For my picky taste, this configuration has a big nope, as there is no filtering in redistribution from OSPF to BGP. However, it isn’t really needed here, perhaps only as an extra paranoid safeguard which won’t be of much use in practice. As shown above, distribute-lists guarantee loop-free redistribution.

If due to misconfiguration or a bug, an ABR somehow installs a route redistributed by the other ABR as OSPF, that will of course impact that site, for example it will have suboptimal traffic flow from ABR to ABR.

But the important thing is whether a redistribution problem in one access site would impact other access sites.

Let’s assume because of a missing community (for whatever reason) or distribute-list configuration mistake, a route from site 1 gets redistributed into BGP on site 2 and propagated back into site 1 (but now with a wrong community!).

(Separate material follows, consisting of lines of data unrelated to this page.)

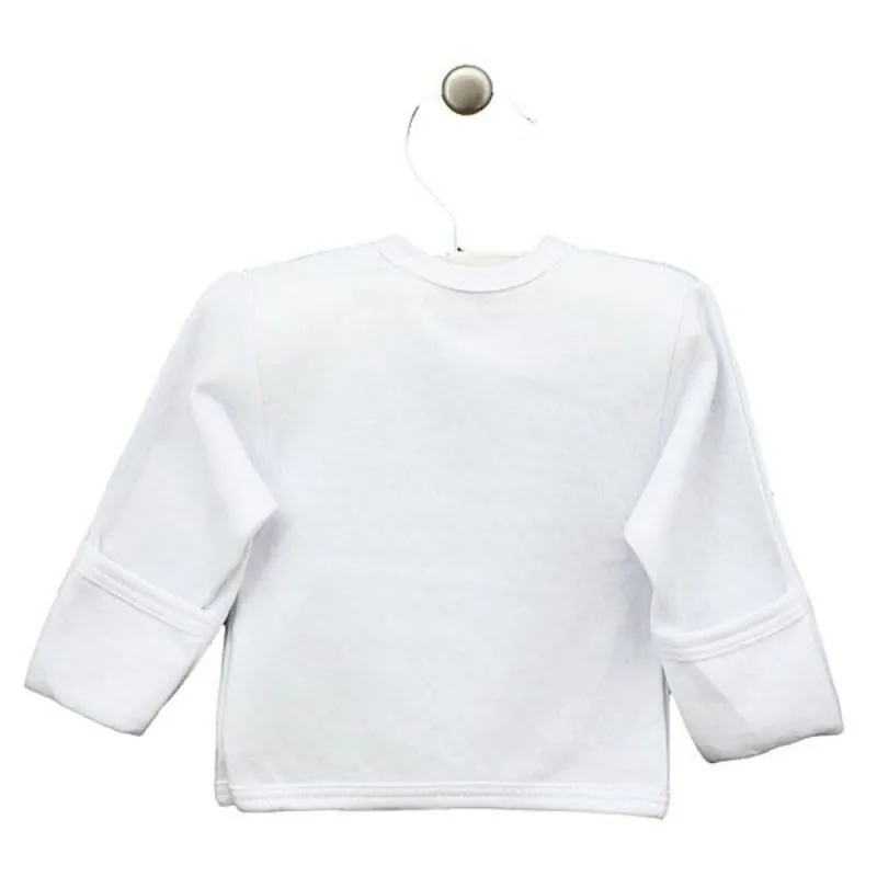 Ar garām piedurknēm;Atlokāmi cimdiņi;Aizverams ar spiedpogām; Izgatavots no OEKOTEX sertificētas un mīkstas 100% kokvilnas;Krāsa: balta;Ražots Lietuvā;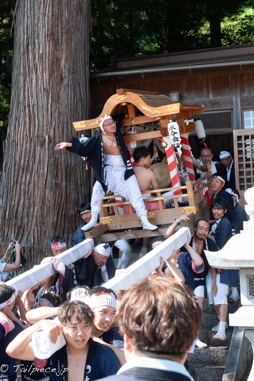 境内に入ると神輿は境内を練り回して拝殿への階段を駆け上がり、担ぎ手も観客も最高潮にヒートアップしました。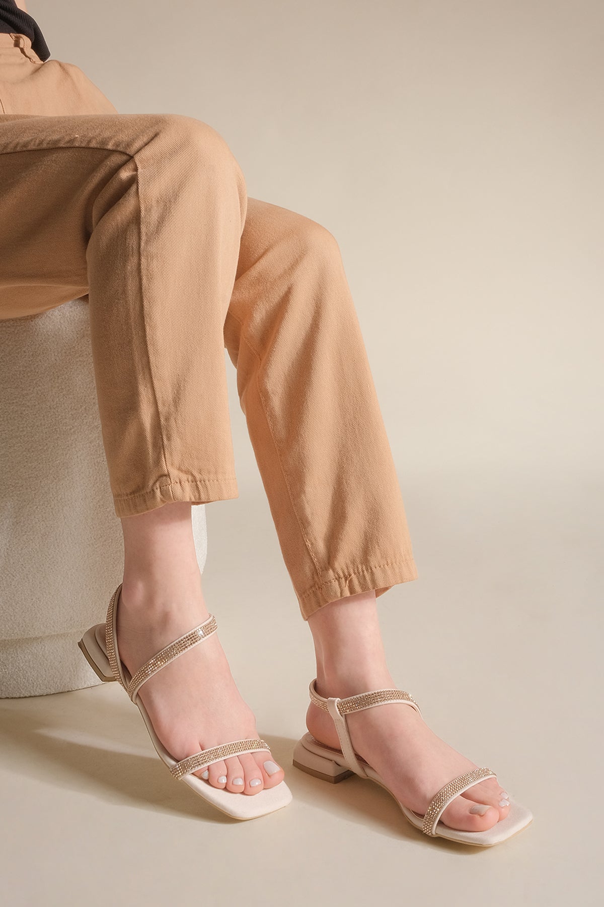 Kadın Taşlı Sandalet Helgin - Bej

It will not be redistributed back into its native OSPF domain, since ABRs will not install the BGP route (because they have the native OSPF route with better AD).

Fig. 8

On figure 8, PE1 originates 1.1.1.1/32 in OSPF, ABR1 and ABR2 both redistribute it in BGP, ABR3 and ABR4 redistribute it in OSPF on site 2. If somehow ABR3 installs the route to 1.1.1.1/32 via OSPF instead of BGP, it will redistribute it back into BGP with the community of site 2.

This is almost a redistribution loop. But OSPF always prefers internal routes over external, so that the redistributed route will never be installed in RIB of any routers in site 1, as long as the native intra-area route from PE1 is present.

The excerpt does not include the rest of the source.